[[ GIVEN ENTRIES open ]]

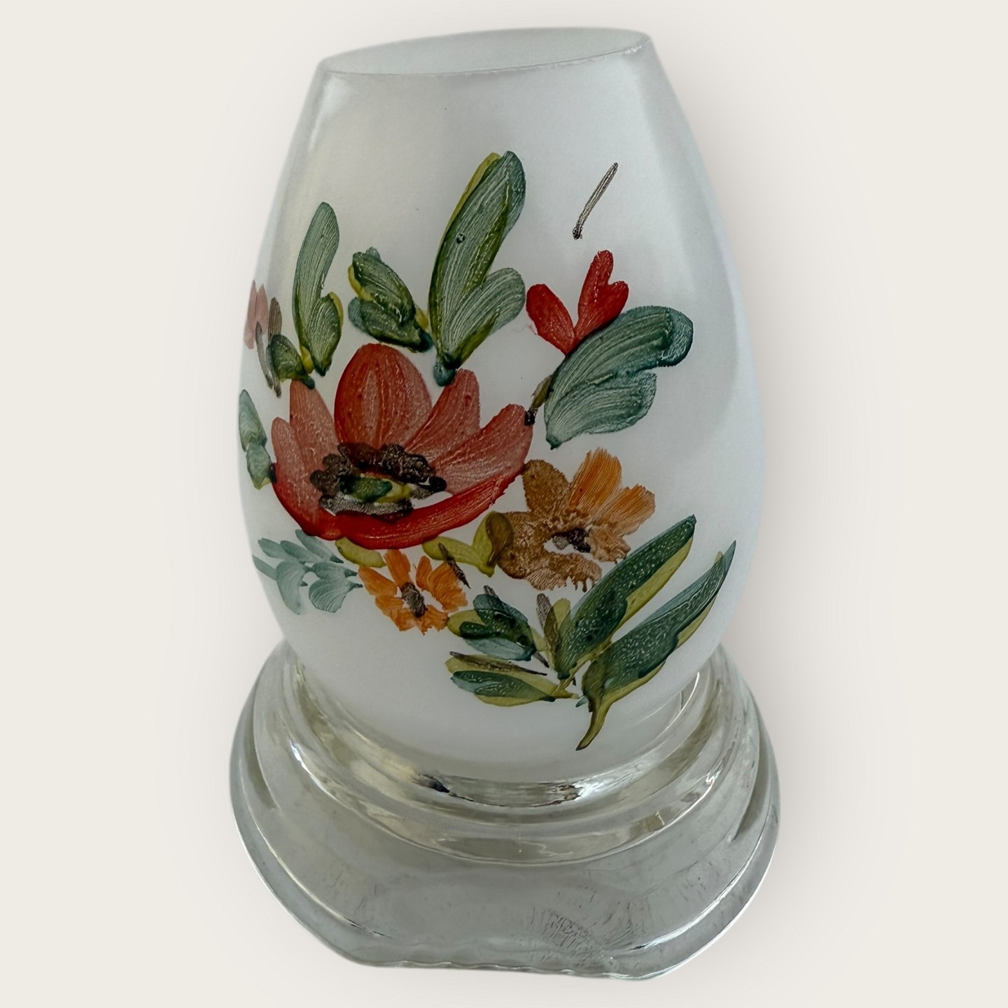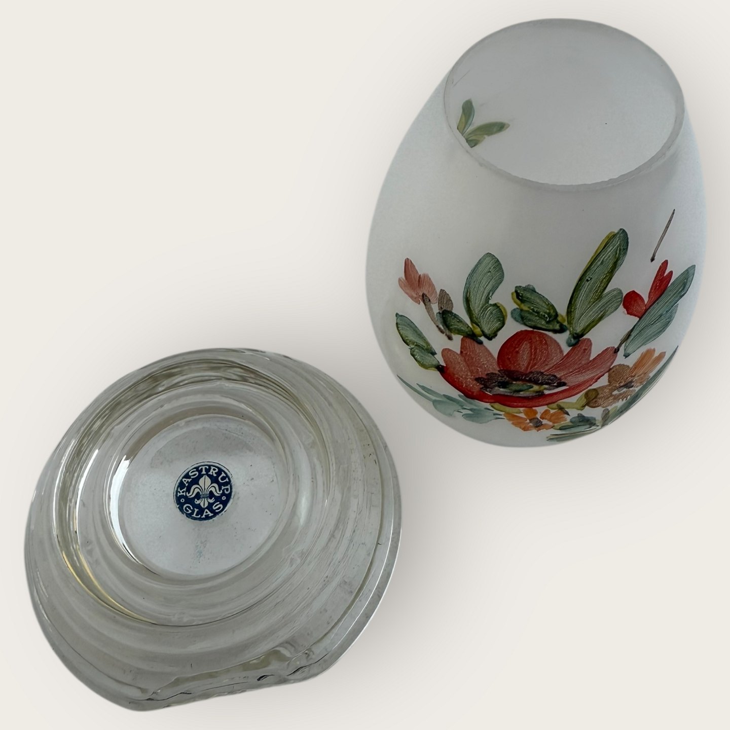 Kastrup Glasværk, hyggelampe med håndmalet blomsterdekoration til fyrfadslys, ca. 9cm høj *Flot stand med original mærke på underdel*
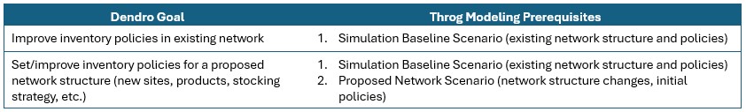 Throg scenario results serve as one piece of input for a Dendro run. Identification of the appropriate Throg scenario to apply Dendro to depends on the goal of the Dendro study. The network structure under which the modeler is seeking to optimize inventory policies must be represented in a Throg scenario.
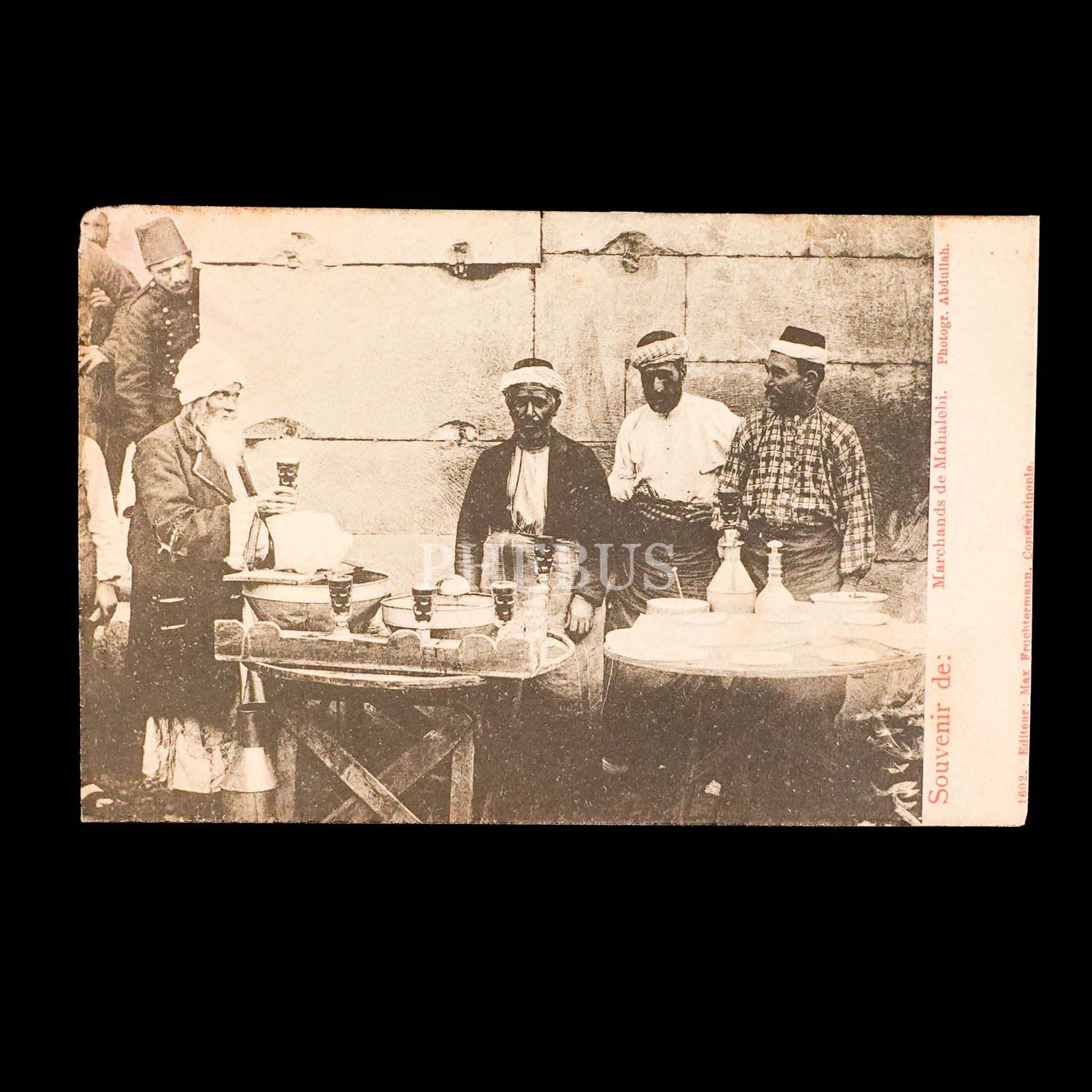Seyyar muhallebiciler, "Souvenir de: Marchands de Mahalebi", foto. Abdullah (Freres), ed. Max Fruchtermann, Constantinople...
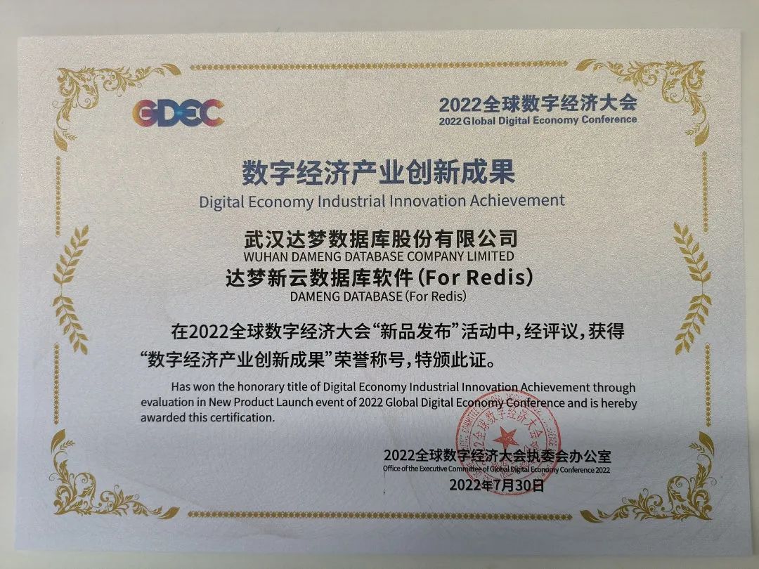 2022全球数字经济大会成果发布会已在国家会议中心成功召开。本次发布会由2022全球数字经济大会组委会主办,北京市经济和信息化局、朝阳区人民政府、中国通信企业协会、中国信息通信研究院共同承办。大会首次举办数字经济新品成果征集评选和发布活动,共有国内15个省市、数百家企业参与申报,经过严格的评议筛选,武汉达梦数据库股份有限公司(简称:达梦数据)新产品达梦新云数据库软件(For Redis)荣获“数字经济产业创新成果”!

[[ GIVEN ENTRIES closed ]]
[[ GIVEN ENTRIES open ]]

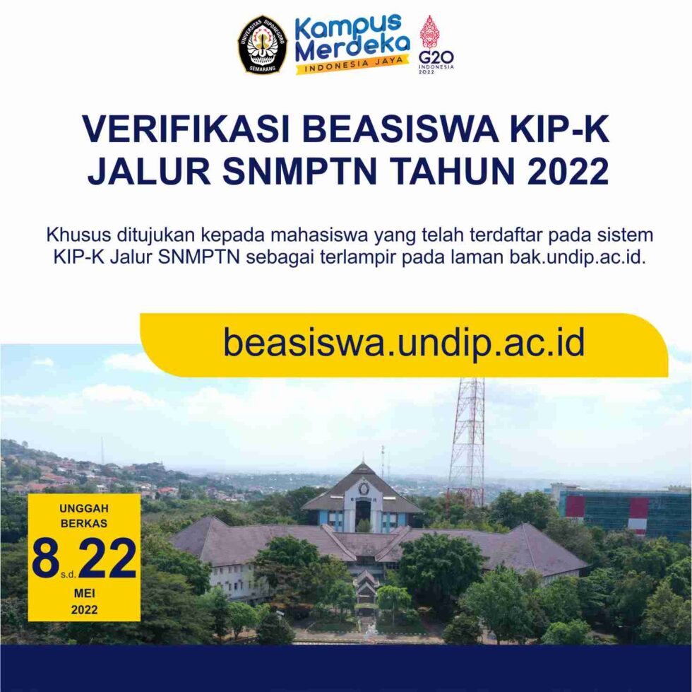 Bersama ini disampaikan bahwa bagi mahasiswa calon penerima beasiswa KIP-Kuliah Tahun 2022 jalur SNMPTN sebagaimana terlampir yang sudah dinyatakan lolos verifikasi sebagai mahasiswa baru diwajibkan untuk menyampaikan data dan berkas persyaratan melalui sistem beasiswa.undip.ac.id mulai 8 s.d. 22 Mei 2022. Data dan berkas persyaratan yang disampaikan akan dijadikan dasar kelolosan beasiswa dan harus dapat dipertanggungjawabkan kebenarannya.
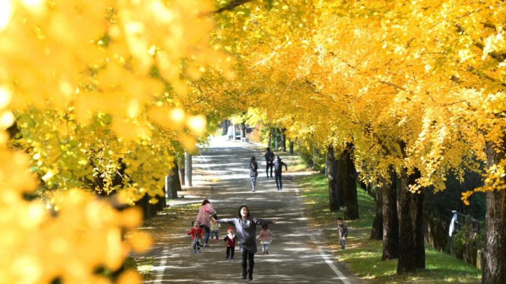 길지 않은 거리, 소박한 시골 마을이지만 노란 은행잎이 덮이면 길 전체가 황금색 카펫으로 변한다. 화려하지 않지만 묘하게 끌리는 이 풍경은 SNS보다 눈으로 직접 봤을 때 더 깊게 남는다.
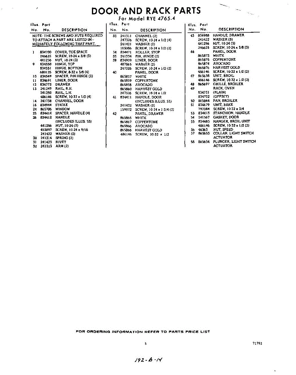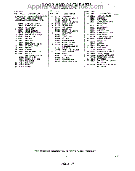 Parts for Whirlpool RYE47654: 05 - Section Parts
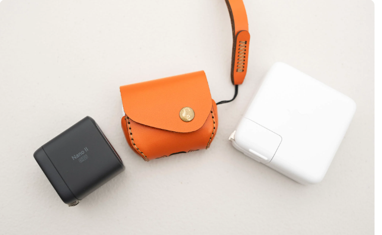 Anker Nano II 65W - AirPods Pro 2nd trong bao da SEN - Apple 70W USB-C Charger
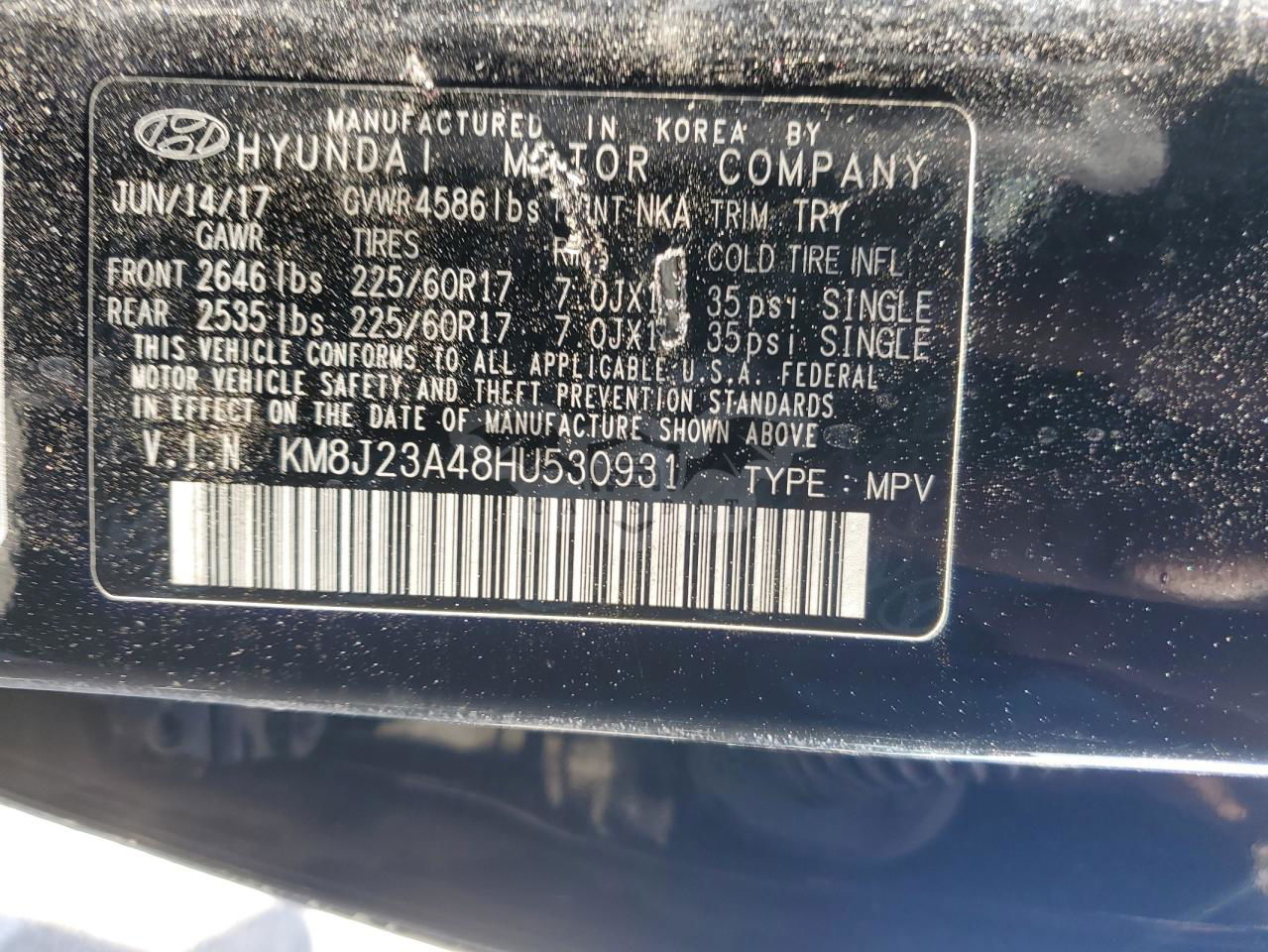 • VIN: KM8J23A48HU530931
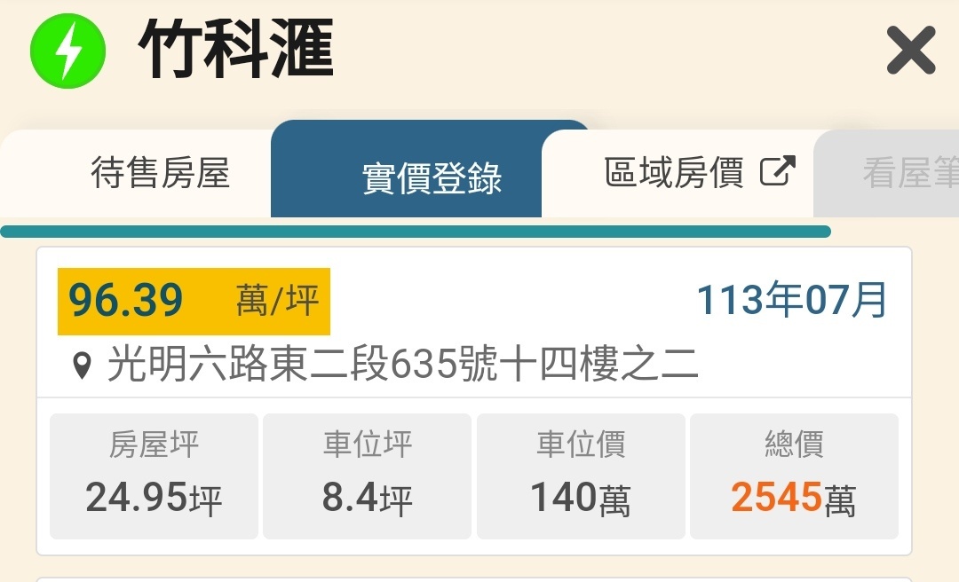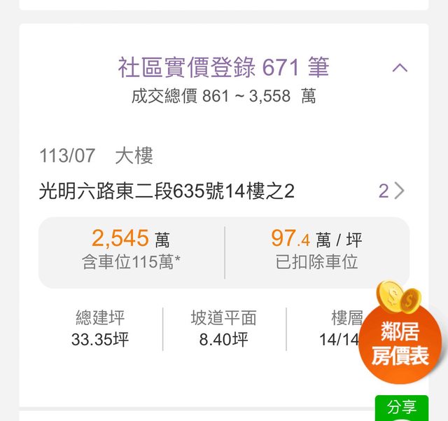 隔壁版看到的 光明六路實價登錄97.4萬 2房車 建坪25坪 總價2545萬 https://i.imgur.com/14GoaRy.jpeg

[[ GIVEN ENTRIES closed ]]

**PROBLEM TO WORK ON**
Print exactly, with no pictures, the lines above from the one that holds "Kastrup Glasværk, hyggelampe" through the one that holds "Throg scenario results", both of them included.

**PROBLEM SOLUTION**
 Kastrup Glasværk, hyggelampe med håndmalet blomsterdekoration til fyrfadslys, ca. 9cm høj *Flot stand med original mærke på underdel*
 Throg scenario results serve as one piece of input for a Dendro run. Identification of the appropriate Throg scenario to apply Dendro to depends on the goal of the Dendro study. The network structure under which the modeler is seeking to optimize inventory policies must be represented in a Throg scenario.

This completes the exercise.